L’affaire Hajar Raissouni cumule ces deux combats menés par de plus en plus de citoyennes et citoyens marocains pour leurs libertés individuelles. A mesure que ce genre d’affaires éclate, leur mobilisation grandit.

Hajar Raissouni, 28 ans, reporter au quotidien arabophone Akhbar Al-Yaoum, risque jusqu’à deux ans de prison en vertu du code pénal marocain, qui sanctionne les relations sexuelles hors mariage et l’avortement.

La journaliste a été arrêtée en même temps que son fiancé, un universitaire soudanais, le gynécologue qui l’a traitée, un infirmier et une secrétaire. Elle est poursuivie pour «avortement illégal» et «relations sexuelles hors mariage». La justice marocaine a rejeté vendredi sa demande de mise en liberté.

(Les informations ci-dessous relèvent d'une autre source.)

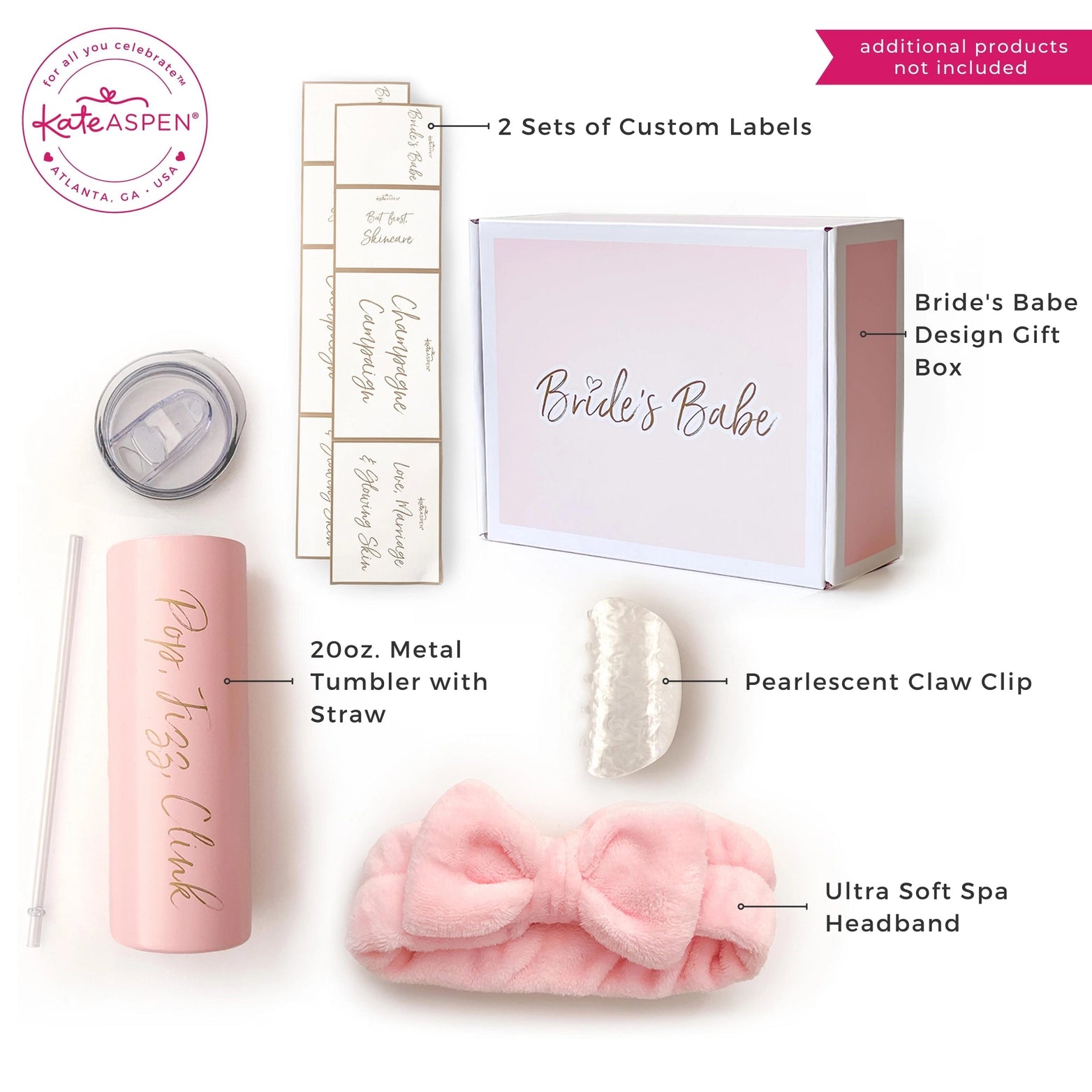 The "Bride's Babe" Bridesmaid Gift Box Kit makes the perfect gift. We especially curated the Bride's Babe Bridesmaid Gift Box Kit that features a blush pink box with white edging, an exterior print of "Bride's Babe" and an interior print of "I can't say I do without you". Inside we include a spa headband for all that skin prep before the wedding and a claw clip that we all need more of great for all hair types. A metal tumbler that reads "pop, fizz, clink" down the side that is great for cocktails or mocktails and will keep your drink cold for hours. It also comes with labels that you can put on other gifts making it a more complete gift box.

Le tribunal n’a pas désavoué la police judiciaire, comme l’a relevé un de ses avocats. Classique au Maroc.

Placée en détention après son arrestation fin août devant un cabinet médical de Rabat, la journaliste assure avoir été soignée pour une hémorragie interne. Elle dénonce depuis son arrestation une «affaire politique». Pour Reporters sans frontières (RSF), elle est «victime de l’acharnement judiciaire contre les journalistes». L’ONG Amnesty International a dénoncé des «accusations forgées de toutes pièces» et Human Rights Watch une «violation flagrante de son droit à la vie privée et à la liberté».

Affaire politique ou pas, des arrestations pour avortement ou relations sexuelles entre deux adultes consentants n’ont de toute façon pas lieu d’être pour de nombreux militants au Maroc. Comme l’explique la journaliste marocaine Aida Alami dans Loopsider, ces lois liberticides sont par ailleurs utilisées par le pouvoir pour se délester des gens qui le dérangent, dont les journalistes.

En 2018, la justice marocaine a poursuivi 14 503 personnes pour débauche, 3 048 pour adultère, 170 pour homosexualité et 73 pour avortement, selon les chiffres officiels. Le procès de Hajar Raissouni doit reprendre lundi.